Subsea flowline materials and components
The flowlines may be made of flexible pipe or rigid pipe. Most of the subsea flowlines are made of rigid pipe, mainly out of carbon steel material with appropriate API grades, typically X65 (yield strength min 65 KSI). Some carbon steel flowlines have internal clad with corrosion-resistant alloy to prevent corrosion. Most flexible pipes are used in Brazil and they are mainly made of corrosion resistant alloy.
Flowlines may be single pipe, dual or in some cases multiple lines bundled inside a carrier pipe. For situations where pigging is required, flowlines are connected by crossover spools and valves configured to allow pigs to be circulated.
Subsea flowlines are increasingly being required to operate at high pressures and temperatures. The higher pressure condition results in the technical challenge of providing a higher material grade of pipe for high pressure, high-temperature (HP/HT) flowline projects, which will cause sour service if the product includes H2S and saltwater. In addition, the higher temperature operating condition will cause the challenges of corrosion, down-rated yield strength, and insulation coating. Flowlines subjected to HP/HT will create a high effective axial compressive force due to the high fluid temperature and internal pressure that rises when the flowline is restrained.

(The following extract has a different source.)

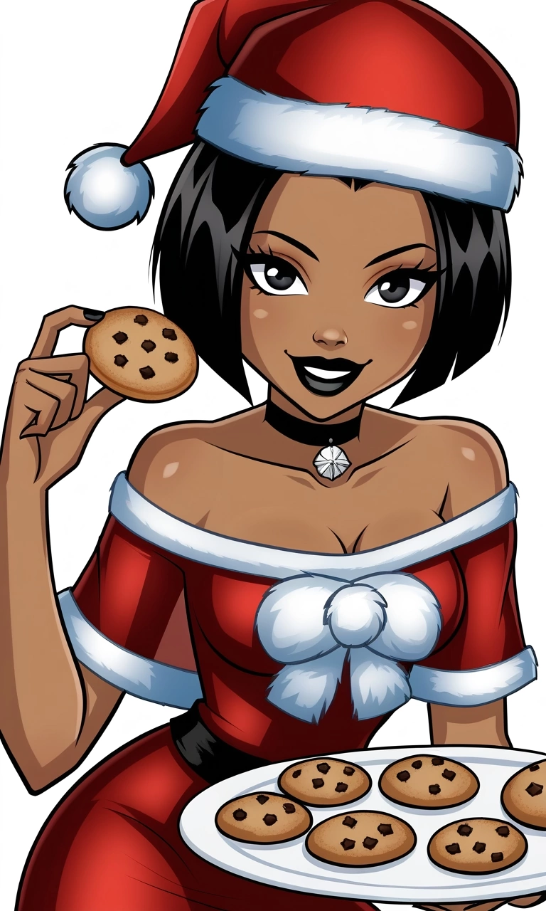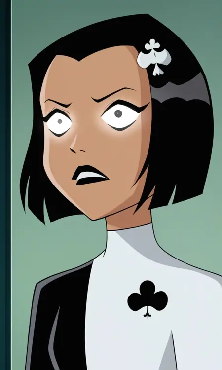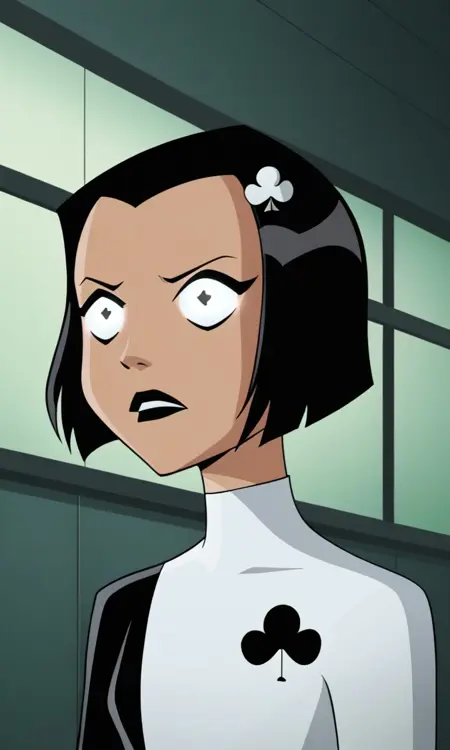 1girl, dark skin, tan skin, black hair, Bob cut, black eyes,black lips,two-tone leotard, white leotard, black leotard, asymmetrical clothes, long sleeves, hair ornament, club(shape)

Key factors impacting subsea flowline design
One key function of the flowline is to be the conduit to carry production fluid from the wells to the platform. The flow capacity is dependent on the flowline diameter, fluid temperature/viscosity, pressure, and distance. This is typically done by thermal/hydraulic calculations using PIPESIM or OLGA. The flowline design needs to meet the expected production forecast.
Single or dual
Besides improved production capacity, dual flowlines are sometimes used to provide production flexibilities or manage flow assurance risks. Dual flowlines can also facilitate flowline pigging and cleaning. However, dual flowline configuration typically requires much more upfront capital cost than single flowline.

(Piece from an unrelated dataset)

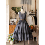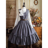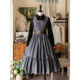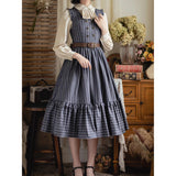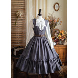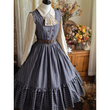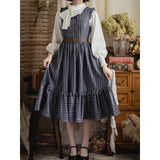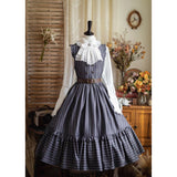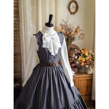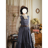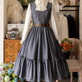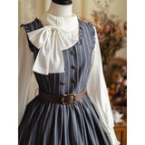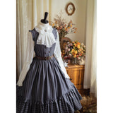 エレガントな英国のお嬢様みたいに演出してくれるクラシカルなジャンパースカート。ダブルブレストのデザインで、ネックラインや肩まわりにはフリルが装飾されています。ふわりと膨らむ優雅なシルエットに魅了される。時代を超えて輝く永遠のスタイル。洗練された気品を纏ったお嬢様に。

Seafloor geological features or hazards and locations of subsea structures determine the flowline pathway.
Flowline wall thickness needs to be able to withstand the max internal pressure after taking into consideration of the corrosion allowance.
Depending on the corrosion environment, the flowline internal may need to be cladded with corrosion resistant alloys if corrosion inhibitor alone cannot protect internal corrosion.

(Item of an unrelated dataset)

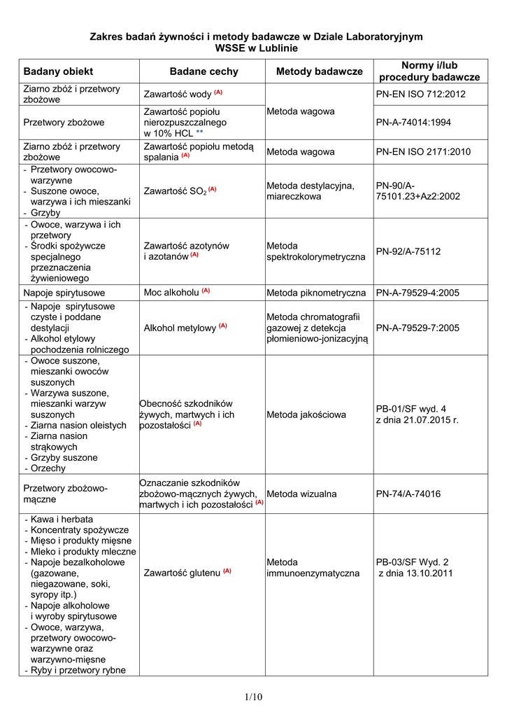Zakres badań żywności i metody badawcze w Dziale Laboratoryjnym WSSE w Lublinie Badany obiekt Ziarno zbóż i przetwory zbożowe Przetwory zbożowe Ziarno zbóż i przetwory zbożowe - Przetwory owocowowarzywne - Suszone owoce, warzywa i ich mieszanki - Grzyby - Owoce, warzywa i ich przetwory - Środki spożywcze specjalnego przeznaczenia żywieniowego Napoje spirytusowe - Napoje spirytusowe czyste i poddane destylacji - Alkohol etylowy pochodzenia rolniczego - Owoce suszone, mieszanki owoców suszonych - Warzywa suszone, mieszanki warzyw suszonych - Ziarna nasion oleistych - Ziarna nasion strąkowych - Grzyby suszone - Orzechy Przetwory zbożowomączne Badane cechy Metody badawcze Zawartość wody (A) Normy i/lub procedury badawcze PN-EN ISO 712:2012 Zawartość popiołu nierozpuszczalnego w 10% HCL ** Zawartość popiołu metodą spalania (A) Metoda wagowa Metoda wagowa PN-EN ISO 2171:2010 Zawartość SO2 (A) Metoda destylacyjna, miareczkowa PN-90/A75101.23+Az2:2002 Zawartość azotynów i azotanów (A) Metoda spektrokolorymetryczna PN-92/A-75112 Moc alkoholu (A) Metoda piknometryczna PN-A-79529-4:2005 Alkohol metylowy (A) Metoda chromatografii gazowej z detekcja PN-A-79529-7:2005 płomieniowo-jonizacyjną Obecność szkodników żywych, martwych i ich pozostałości (A) PN-A-74014:1994 Metoda jakościowa Oznaczanie szkodników zbożowo-mącznych żywych, Metoda wizualna martwych i ich pozostałości (A) Kawa i herbata Koncentraty spożywcze Mięso i produkty mięsne Mleko i produkty mleczne Napoje bezalkoholowe Zawartość glutenu (A) (gazowane, niegazowane, soki, syropy itp.) - Napoje alkoholowe i wyroby spirytusowe - Owoce, warzywa, przetwory owocowowarzywne oraz warzywno-mięsne - Ryby i przetwory rybne - Metoda immunoenzymatyczna 1/10 PB-01/SF wyd. 4 z dnia 21.07.2015 r. PN-74/A-74016 PB-03/SF Wyd. 2 z dnia 13.10.2011 - Słodycze i wyroby cukiernicze - Surowce i przetwory zielarskie, przyprawy - Środki specjalnego przeznaczenia żywieniowego - Oleje, tłuszcze zwierzęce i roślinne - Zboża i przetwory zbożowe - Żywność mrożona - Wyroby garmażeryjne Oleje i tłuszcze roślinne oraz zwierzęce Oleje i tłuszcze roślinne oraz zwierzęce Wyroby cukiernicze trwałe Sól (Chlorek sodowy) Chlorek sodu Wyroby konsumpcyjne przeznaczone dla ludzi – w tym żywność: Wędliny Wyroby garmażeryjne Napoje bezalkoholowe Pieczywo Makaron Zawartość glutenu (A) Oznaczanie zawartości związków polarnych ** Oznaczanie liczby kwasowej i kwasowości ** Oznaczanie zawartości suchej masy ** Oznaczanie zawartości tłuszczu ** Oznaczanie zawartości jodku potasowego ** Oznaczanie zawartości siarczanów ** Oznaczanie zawartości siarczanów ** Cechy organoleptyczne Metoda immunoenzymatyczna PB-03/SF Wyd. 2 z dnia 13.10.2011 Metoda wagowa PN-EN ISO 8420:2004+AC:2008 Metoda miareczkowa PN-EN ISO 660:2010 PN-A-88027:1984 Metoda wagowa PN-A-88021:1971 Metoda miareczkowajodometryczna Metoda wagowa PN-80/C-84081.34 Wytyczne PZH Wersja 1 z dn. 29.02.12 Wytyczne PZH Wersja 1 z dn. 29.02.12 (AE) - wygląd ogólny: - powierzchnia i kształt - wypełnienie osłonki - barwa - wygląd na przekroju: - barwa - struktura i konsystencja - zapach i smak - wygląd ogólny - konsystencja - barwa - zapach i smak - klarowność - barwa - zapach i smak - wygląd ogólny - kształt - skórka - miękisz - zapach i smak Cechy zewnętrzne przed i po ugotowaniu, - wygląd - barwa - zapach - konsystencja - smak (po ugotowaniu) 2/10 PN-A-82062: 1988 p. 2.2.1, 2.2.2.1-2.2.2.4, 2.2.2.6, 2.2.3, 2.2.4.12.2.4.3, 2.2.5 PN-A-82107:1996 p. 2.2.1 −2.2.3, 2.2.5 – 2.2.8 Prosty test opisowy PN-A-79033:1985 p. 3.4 – 3.5 PN-A-74108:1996 p. 2.3 – 2.6 PN-A-74130:1993 p .3.4.1-3.4.2., 3.4.3.2. Wyroby cukiernicze wygląd ogólny kształt wyrobu barwa powierzchnia (górna i dolna) - przełom - konsystencja - zapach i smak - PN-A-88032:1998 p. 4.2 – 4.8 Mleko - spożywcze - zagęszczone - wygląd barwa smak zapach konsystencja PB-13/DL wyd. 7 z dn. 21.07.2015 p. 6.6.2 Sery - twarogowe niedojrzewające - podpuszkowe dojrzewające i pleśniowe - topione - wygląd barwa smak zapach struktura konsystencja PB-13/DL wyd. 7 z dn. 21.07.2015 p. 6.6.5 Owoce suszone - wygląd barwa smak zapach konsystencja PB-13/DL wyd. 7 z dn. 21.07.2015 p. 6.6.6 Warzywa suszone - wygląd barwa smak zapach konsystencja PB-13/DL wyd. 7 z dn. 21.07.2015 p. 6.6.6 - wygląd barwa struktura konsystencja zapach i smak wygląd barwa struktura konsystencja zapach i smak wygląd ogólny barwa konsystencja zapach i smak Kasza - wygląd ogólny barwa konsystencja zapach i smak PN-64/A-74013 pkt 2.1 – 2.5 Woda mineralna - wygląd, barwa, konsystencja, zapach i smak PB-13/DL wyd. 7 z dn. 21.07.2015 p. 6.6.9 Przetwory mięsne. Konserwy Wyroby i półprodukty ciastkarskie Mąka Prosty test opisowy PB-13/DL wyd. 7 z dn. 21.07.2015 p. 6.6.18 PB-13/DL wyd. 7 z dn. 21.07.2015 p. 6.6.1 PN-64/A-74013 pkt 2.1 – 2.5 3/10 Ryby i inne zwierzęta wodne świeże i mrożone: - ryby mrożone Ryby i inne zwierzęta wodne świeże i mrożone: - ryby świeże i inne zwierzęta wodne Przetwory rybne wędzone - wygląd barwa tekstura, zapach i smak wygląd barwa tekstura zapach i smak wygląd ogólny barwa tekstura zapach i smak Przetwory ziemniaczane - określenie postaci - barwa - zapach Tłuszcze roślinne i zwierzęce oraz mieszanki tłuszczowe: - tłuszcze roślinne - wygląd barwa konsystencja zapach i smak - wygląd barwa zapach i smak wygląd barwa konsystencja zapach i smak wygląd barwa konsystencja zapach i smak wygląd konsystencja barwa klarowności roztworu zapach i smak Soki, nektary i syropy Przetwory owocowe, warzywne, grzybowe i ich mieszanki Koncentraty spożywcze Cukier PB-13/DL wyd. 7 z dn. 21.07.2015 p. 6.6.17 PB-13/DL wyd. 7 z dn. 21.07.2015 p. 6.6.17 PB-13/DL wyd. 7 z dn. 21.07.2015 p. 6.6.15 PN-A-74702-1:1998 p. 2.2 – 2.4 PB-13/DL wyd. 7 z dn. 21.07.2015 p. 6.6.10 PB-13/DL wyd. 7 z dn. 21.07.2015 p. 6.6.11 PB-13/DL wyd. 7 z dn. 21.07.2015 p. 6.6.12 Pro

The longer the design life, the more corrosion allowance the flowline needs to have.
The subsea flowlines may need to be insulated to avoid flow assurance problems associated with the cooling of the produced fluid as it travels along the seabed. Heat retention can also be accomplished by burying the flowline. It should be noted that most subsea wells cannot economically retain sufficient heat during flowing conditions to stay out of the hydrate risk region. Therefore, subsea gas flowlines are usually not designed for heat retention and the hydrate risk is typically managed via hydrate inhibitors (low dosage hydrate inhibitor or thermodynamic hydrate inhibitor.
Sour service is required if H2S level is high enough to exceed 0.05psi partial pressure per NACE requirement.